Data entries
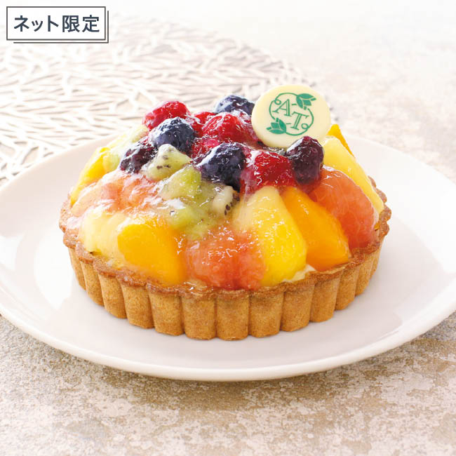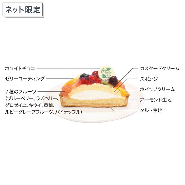 いろとりどりのフルーツを使った華やかなタルトケーキ。アーモンド生地のタルトに2種類のクリームとスポンジを重ね7種類のフルーツを飾り付けました。
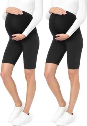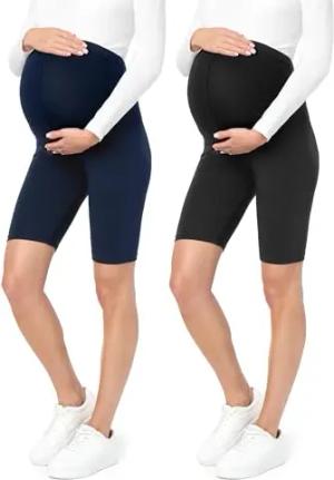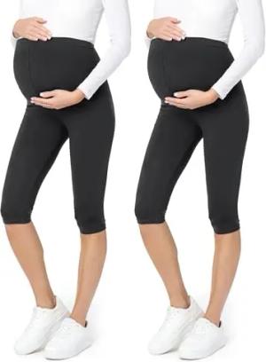 Damen Kurze Umstandsleggings 2er Pack Bequeme und Schwangerschaftsleggings aus Baumwolle Umstandshose Umstandsmode für Sommer BE20-228 (2Pack Schwarz/Schwarz, M)
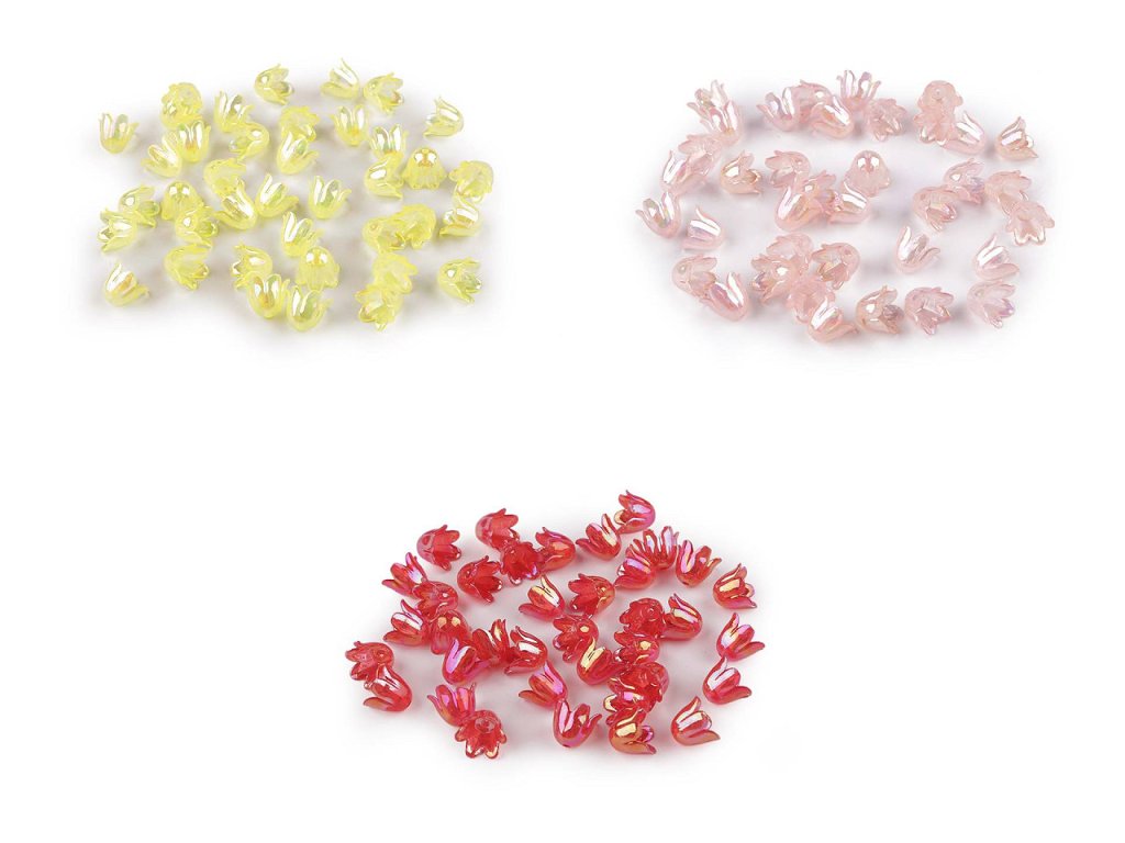 Plastové korálky květů ve tvaru zvonku nadchnou děti i dospělé. Jsou doslova magické, protože na povrchu mají nádherný lesk s AB efektem. Ocení je korálkářky, které rády tvoří květinové šperky nebo malé andělíčky. Korálky můžete použít na výrobu náhrdelníků, přívěsků ke klíčům, jako sukýnku na korálkové andělíčky, hodí se i k ozdobení tašek apod. Jejich velikou výhodou je nízká hmotnost.
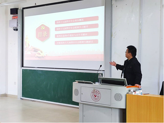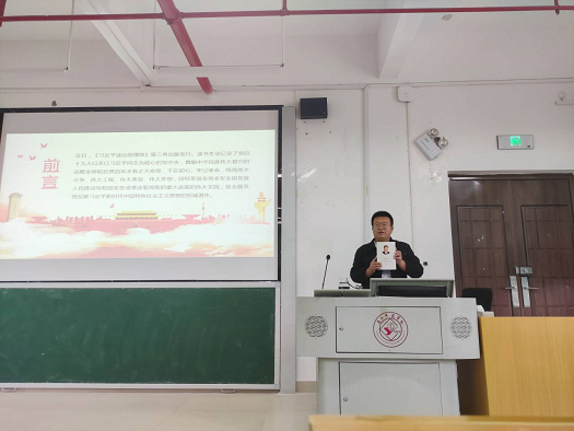 (党务办张煊光主任向同学们介绍《习近平谈治国理政》第三卷主要思想)
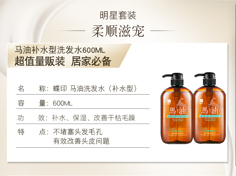 蝶印 马油洗发水套装(补水型)600mL+600mL(计价单位:套) 炫橙色
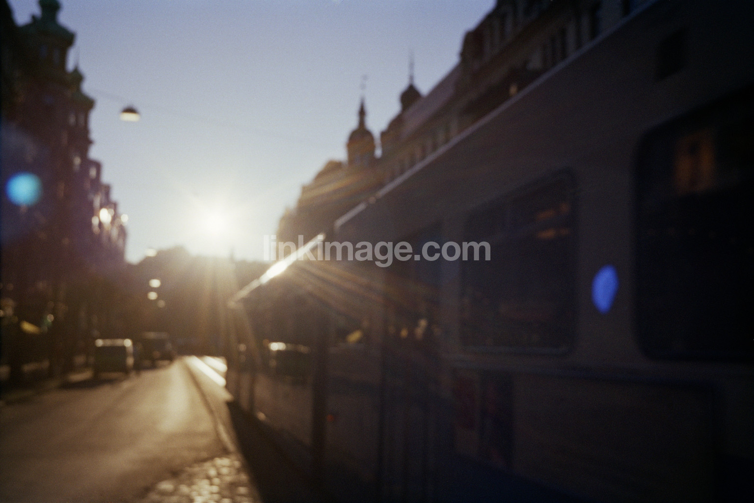 abstract, backlight, tram, light, sun, fall, street, blurred, city
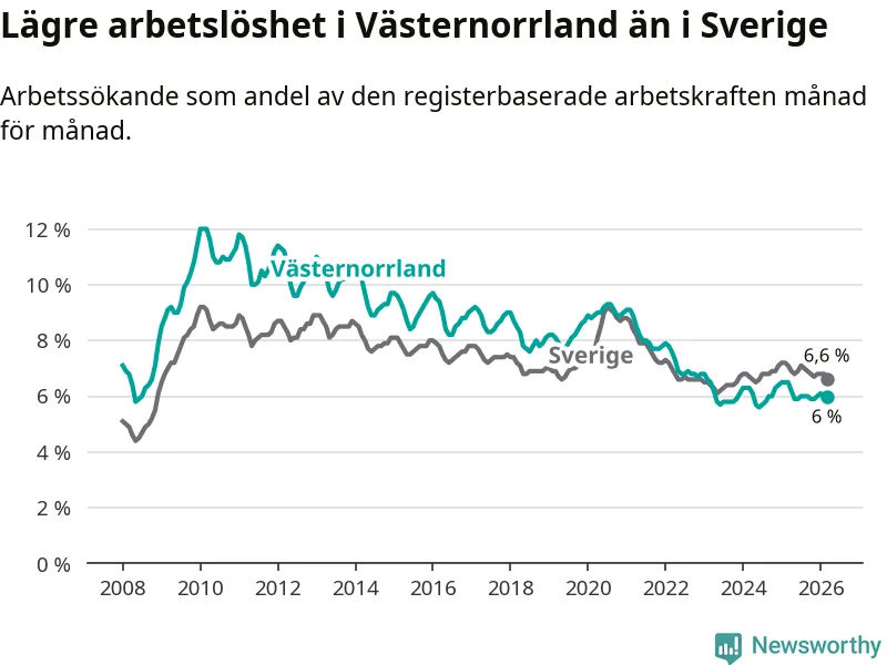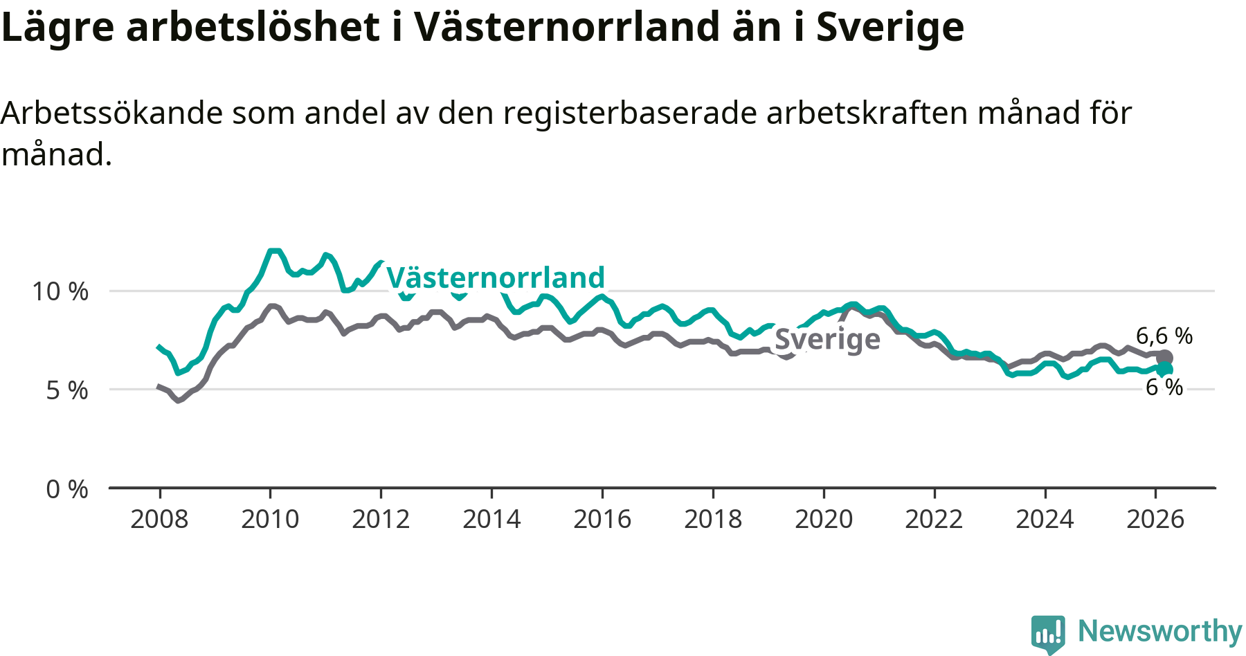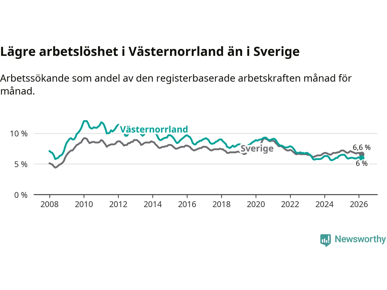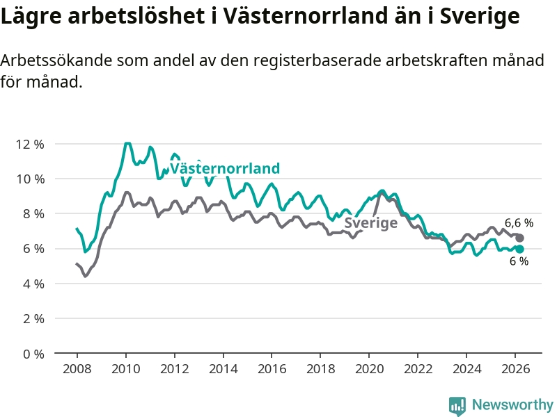 Graf: Arbetslöshet i Västernorrlands län och Sverige
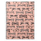 Dieses Notebook verfügt über eine Vielzahl verschiedener Brillen und Brillenrahmen in Schwarz und Weiß auf einem blassrosa.
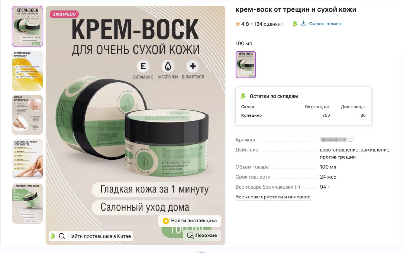 Итак, начнём по порядку. В ассортименте продавца только один артикул: «Крем-воск для сухой кожи, 100 мл.» Данный крем-воск появился на рынке 19 января 2024 года, общее количество продаж не превысило 500 штук за год, суммарная годовая выручка составила всего 155.000 руб.
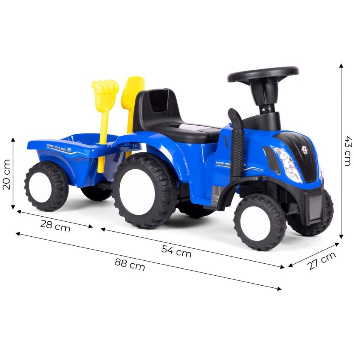 Haagisega traktor New Holland on ideaalne mänguasi üle 12 kuu vanustele lastele. See on valmistatud vastupidavast plastikust, mis tagab selle vastupidavuse. Traktoril on interaktiivne rool koos heli- ja mootorihäältega ning eemaldatav haagis , mis võimaldab transportida erinevaid esemeid. Komplektis on reha ja labidas, mis sobivad suurepäraselt aias mängimiseks. Lisaks on traktoril ümbermineku vastu kaitseelement, mis tagab lapse ohutuse mängimise ajal. Maksimaalne koormus on 25 kg.

REQUIRED WORK:
Leaving pictures aside, give again word for word each line from the one with "Graf: Arbetslöshet i" to the final line of the entries.

WRITTEN ANSWER:
 Graf: Arbetslöshet i Västernorrlands län och Sverige
 Dieses Notebook verfügt über eine Vielzahl verschiedener Brillen und Brillenrahmen in Schwarz und Weiß auf einem blassrosa.
 Итак, начнём по порядку. В ассортименте продавца только один артикул: «Крем-воск для сухой кожи, 100 мл.» Данный крем-воск появился на рынке 19 января 2024 года, общее количество продаж не превысило 500 штук за год, суммарная годовая выручка составила всего 155.000 руб.
 Haagisega traktor New Holland on ideaalne mänguasi üle 12 kuu vanustele lastele. See on valmistatud vastupidavast plastikust, mis tagab selle vastupidavuse. Traktoril on interaktiivne rool koos heli- ja mootorihäältega ning eemaldatav haagis , mis võimaldab transportida erinevaid esemeid. Komplektis on reha ja labidas, mis sobivad suurepäraselt aias mängimiseks. Lisaks on traktoril ümbermineku vastu kaitseelement, mis tagab lapse ohutuse mängimise ajal. Maksimaalne koormus on 25 kg.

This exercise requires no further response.